Without including any pictures, write out the listing below exactly.

(Provided data)
====

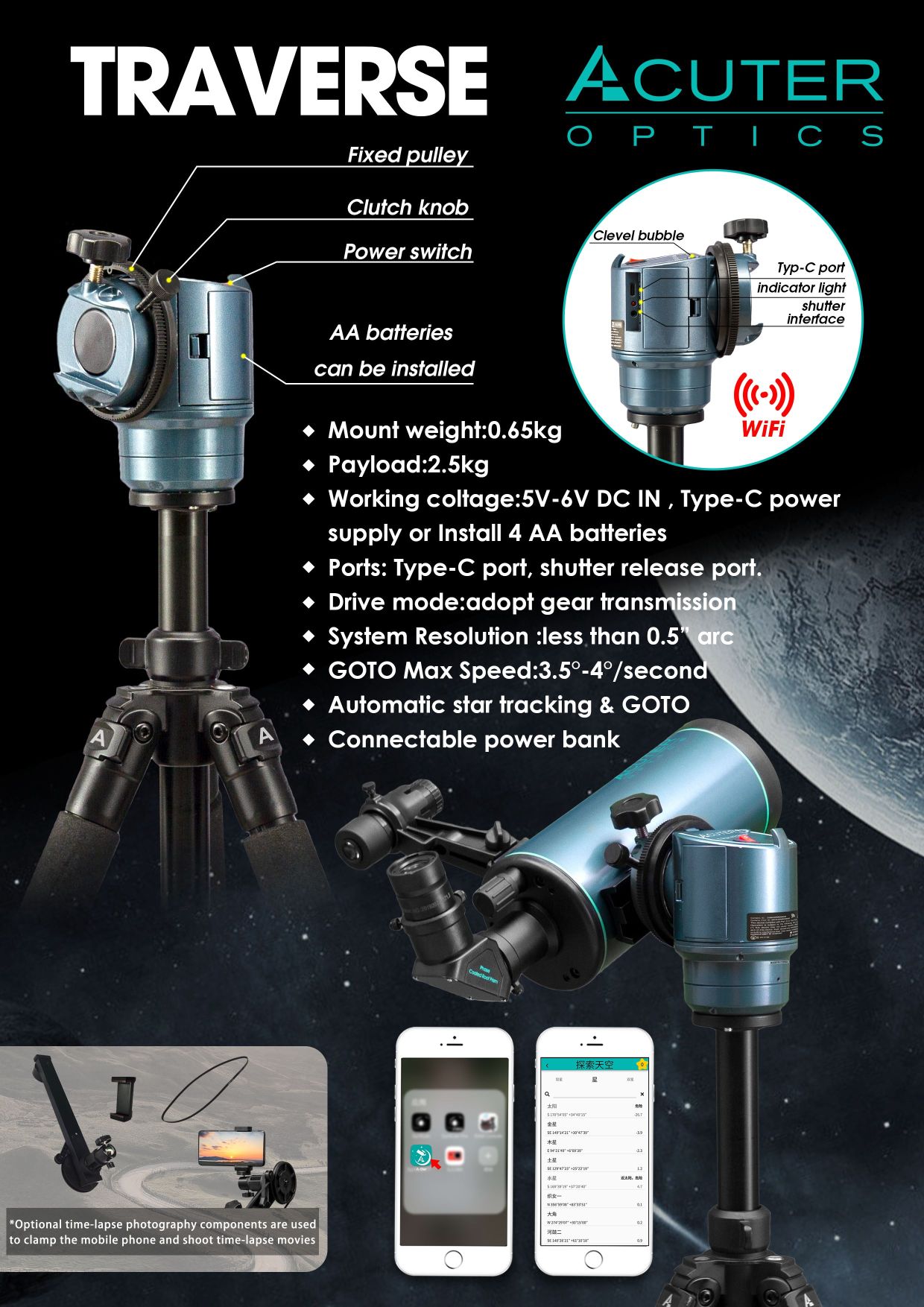 Acuter Traverse Wifi Goto Reisemontierung
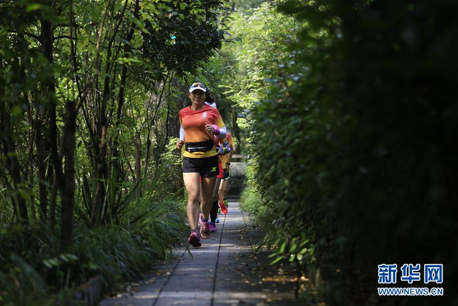 8月8日全民健身日来临,“北碚跑团”的成员们在缙云山的步道上开展常规训练。“北碚跑团”成立于2014年,由重庆市北碚区户外运动爱好者自发组成,他们相约参加户外跑步及越野跑活动,在与大自然的亲密接触中,陶冶身心、强身健体。目前,“北碚跑团”拥有跑步爱好者800多人,多人次在全国越野跑、马拉松赛事中获奖。 新华社发(秦廷富 摄)
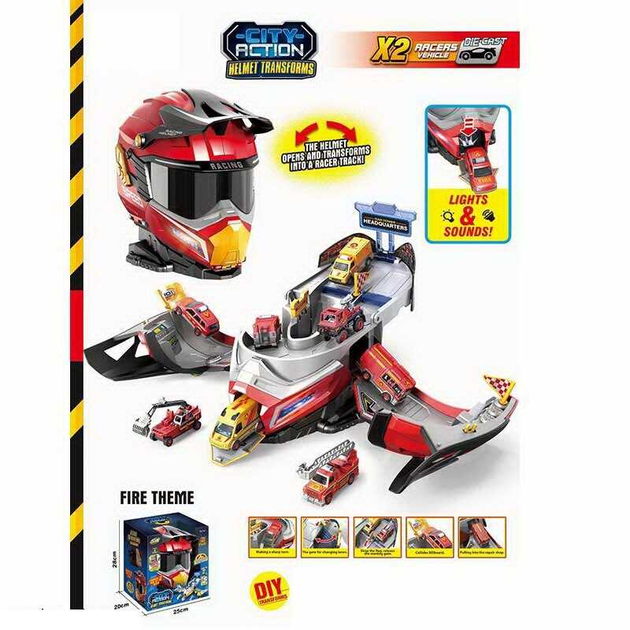Гараж SK 637 XB – шолом-трансформер із світлозвуковими ефектами, 2 машинки, у коробці

====

(Answer to the exercise)
 Acuter Traverse Wifi Goto Reisemontierung
 8月8日全民健身日来临,“北碚跑团”的成员们在缙云山的步道上开展常规训练。“北碚跑团”成立于2014年,由重庆市北碚区户外运动爱好者自发组成,他们相约参加户外跑步及越野跑活动,在与大自然的亲密接触中,陶冶身心、强身健体。目前,“北碚跑团”拥有跑步爱好者800多人,多人次在全国越野跑、马拉松赛事中获奖。 新华社发(秦廷富 摄)
Гараж SK 637 XB – шолом-трансформер із світлозвуковими ефектами, 2 машинки, у коробці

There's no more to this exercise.